NPR

Chesapeake Bay Dead Zones Are Fading, But Proposed EPA Cuts Threaten Success

After years of failed attempts at cleaning up the dead zones, the Chesapeake Bay, once a national disgrace, is teeming with wildlife again. But success is fragile, and it might be even more so now.
Billy Crook's commercial crabbing boat, Pilot's Bride. He says it's looking like it's going to be a good year for crabbing on the Chesapeake Bay.

Drive east from Washington and eventually you run smack into the middle of the Chesapeake Bay, the massive estuary that stretches from the mouth of the Susquehanna River at Maryland's northern tip and empties into the Atlantic 200 miles away near Norfolk, Va.

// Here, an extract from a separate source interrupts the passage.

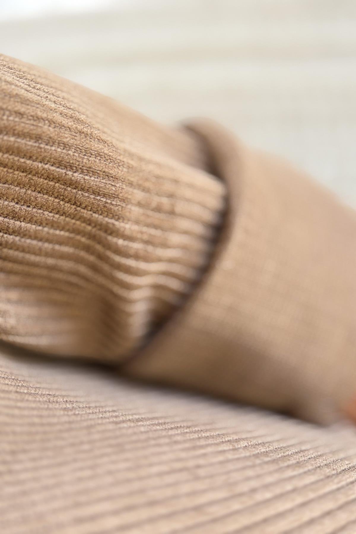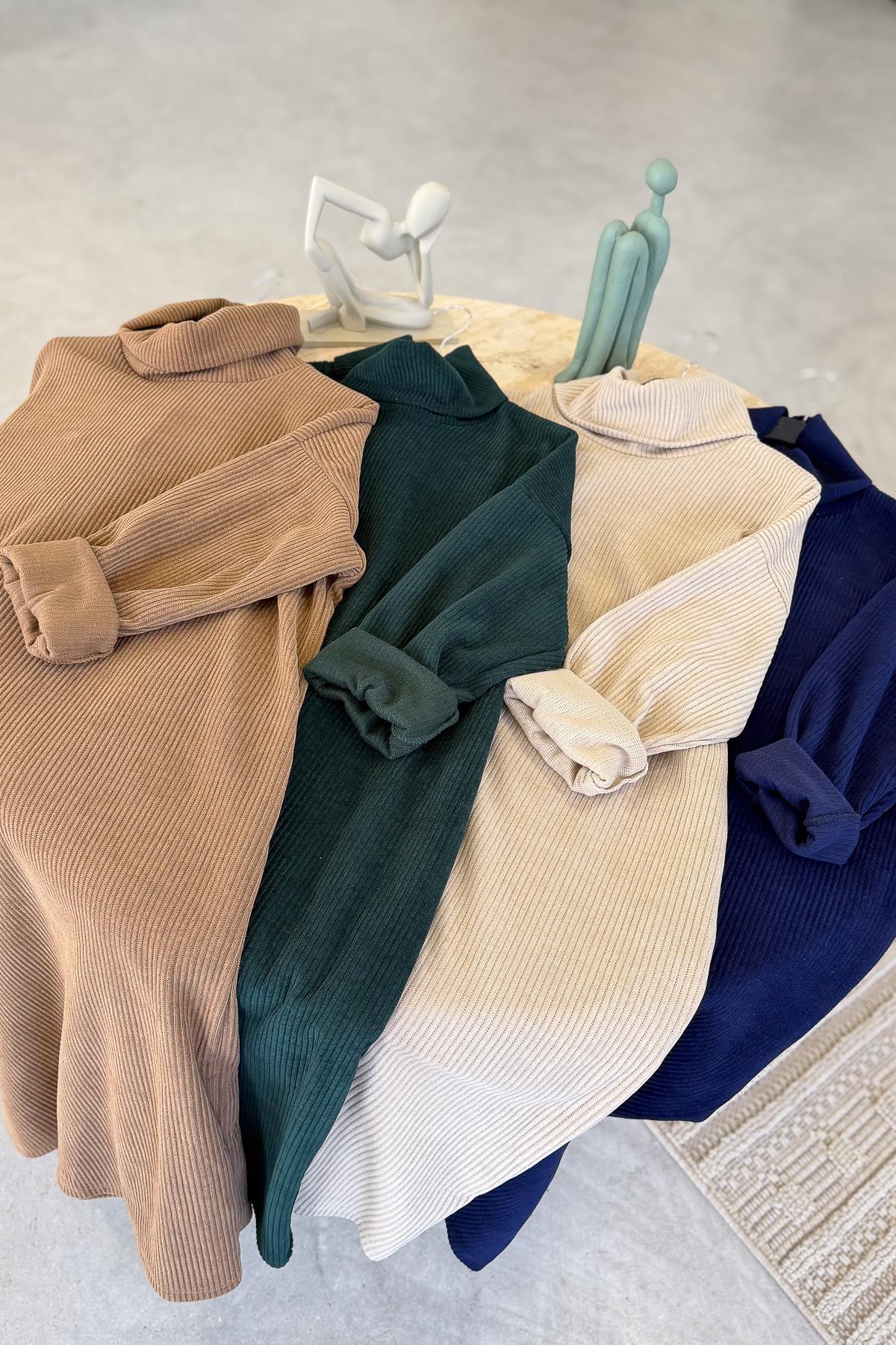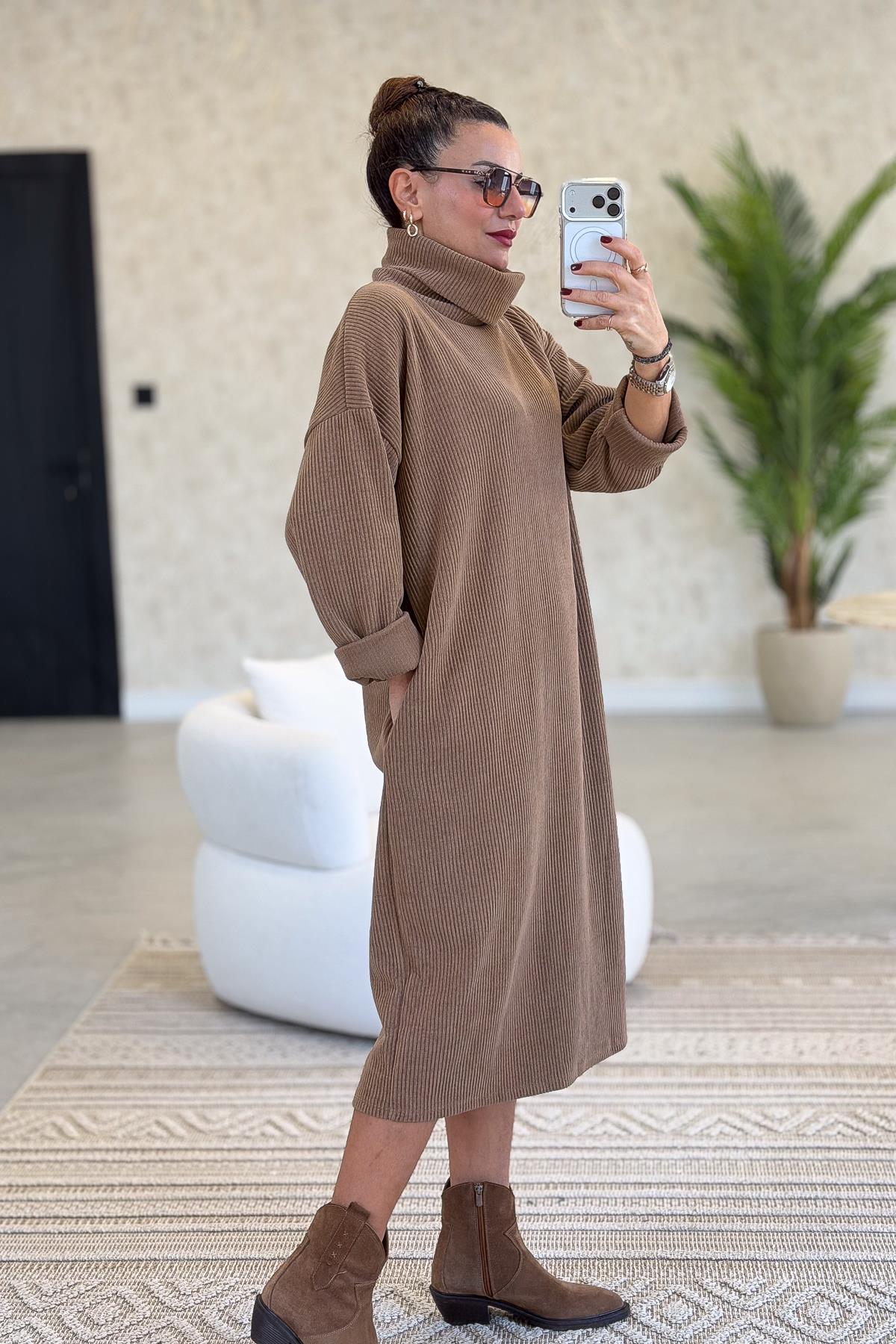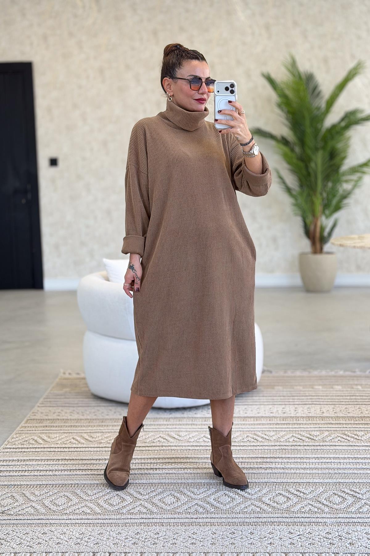 Balıkçı Yaka Midi Boy Kalın Fitilli Kadife Elbise Bal Köpüğü Renk

The Chesapeake is home to oysters, clams, and famous Maryland blue crab.

It's the largest estuary in the United States.

And for a long time, it was one of the most polluted.

Decades of runoff from grassy suburban yards and farm fields as far north as New York state, plus sewage and other waste dumped by the hundreds of gallons, made the Chesapeake so dirty that by 1983, the crab population had plummeted to just 2 percent of what Capt. John Smith saw when he explored the bay in the 1600s.

For years, people tried to clean it up. States and the federal government spent millions of dollars. The first effort began in 1983 — officially launched by President Ronald Reagan in his 1984 State of the Union Address.

And each time, the cleanup efforts failed. The bay's health wasn't getting much better.

By 2009, when the Chesapeake Bay Foundation sued the Environmental Protection Agency in an attempt to get the EPA to do more to clean up the bay, the was so big it often covered a cubic mile in the summer.